次日,米亞離開了這里,騎著自己的小毛驢一路溜溜達達的來到了城門前面。
這次她用了一個在潞城的衙門那里搞到手的身份,一個今年應該已經有五十多歲的老頭子林友。
沒錯,就是五十多歲的老頭子
這個時候的人又不是后世那般能夠天天吃飽穿暖,更沒有先進的醫療技術,壽命自然是不長的,三十幾歲就做了祖父祖母的人比比皆是。四年前,潞城因為一場十年罕見的大雪遭了災死了不少的人,他兒子媳婦也死在了這場災難當中,只剩下了他跟一個只有五歲的小孫女跟三歲的孫子。

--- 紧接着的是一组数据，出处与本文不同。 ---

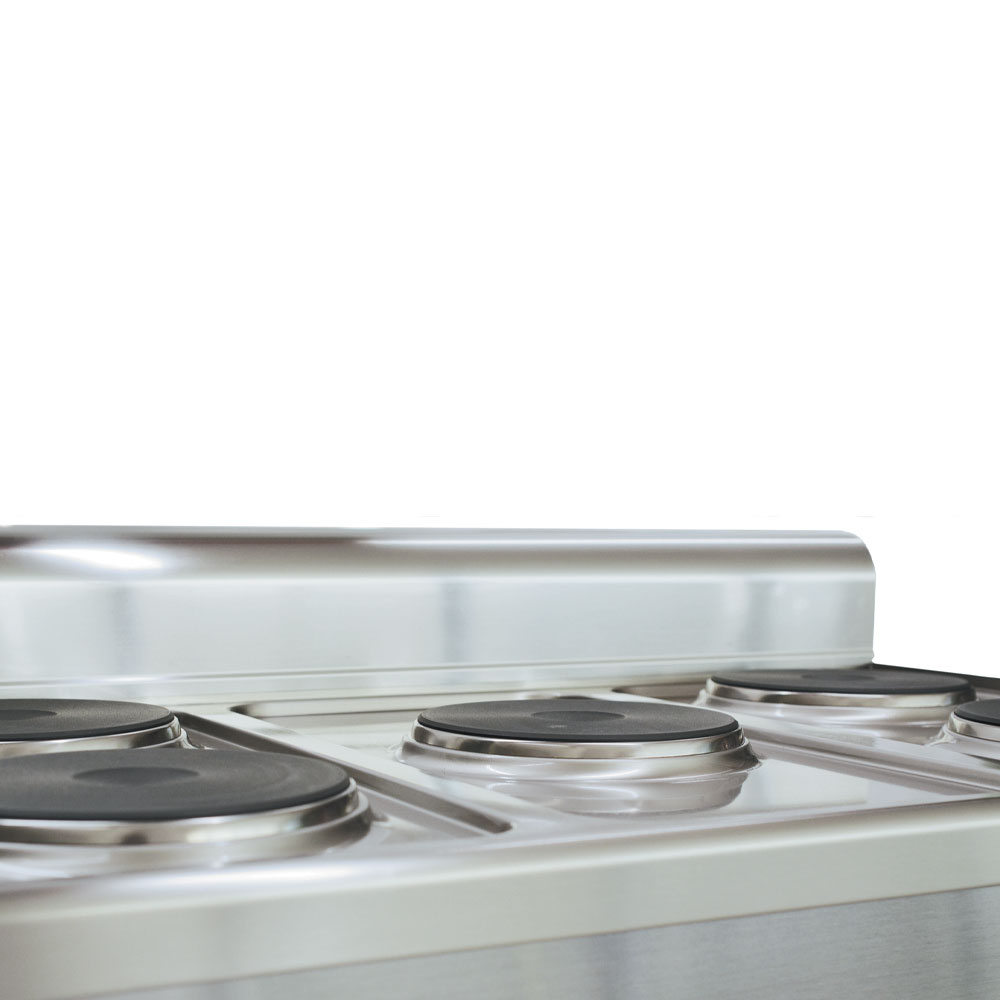 - Gietijzeren platen, Ø 180 mm met roestvrijstalen afdichtingsrand. Verwarmingsvermogenregeling door middel van een 6-standen schakelaar.

可是他已經年老體衰,早年又生過一場嚴重的大病,哪里還有能力養活自己的兩個孫子孫女
無奈的林友只能帶著全部的家當幾兩銀子跟兩個孩子去投奔自己的親戚,卻是生死不知了。
米亞今日便是借了這個人的身份。她本身材瘦小,再踩上了高蹺就更是顯得瘦的可怕,樣子看起來十分憔悴。

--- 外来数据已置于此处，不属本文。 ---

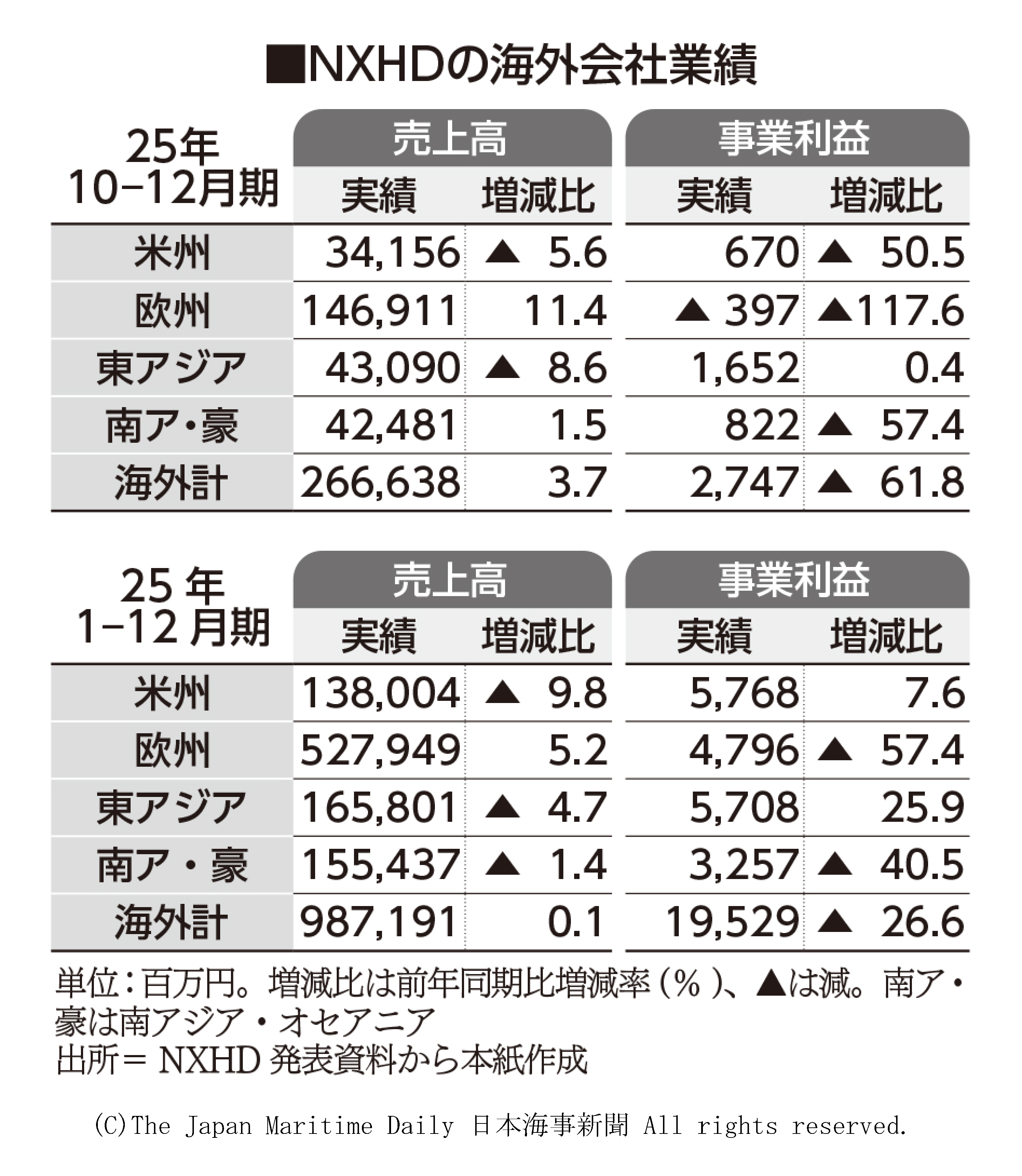 NXHD、海外、年後半に回復。10―12月期、海運が低調

“來干什么的”那守衛的兵士看米亞這幅走一步停一步的樣子,只覺得此人命不久矣,像是隨時都能倒地不起,拿著他的路引皺眉問道。
洛陽雖是中原重地,每日里往來的人不少,可是從外地來的卻還是有數的。這士兵見眼前人并非是平日里從北門進出的的平民,就知此人必定是遠道而來,這樣的人是要盤問清楚的,免得到時候出了什么事情自己吃掛落。
“來治病的。”米亞耷拉著眉毛,眼睛也是無精打采的半瞇著,說話更是有氣無力,像是隨時能夠斷氣一樣。
守門的士兵看他這個樣子,眉心一跳,生怕這人就死在了自己的眼前惹得一身的晦氣,趕緊揮了揮手放行。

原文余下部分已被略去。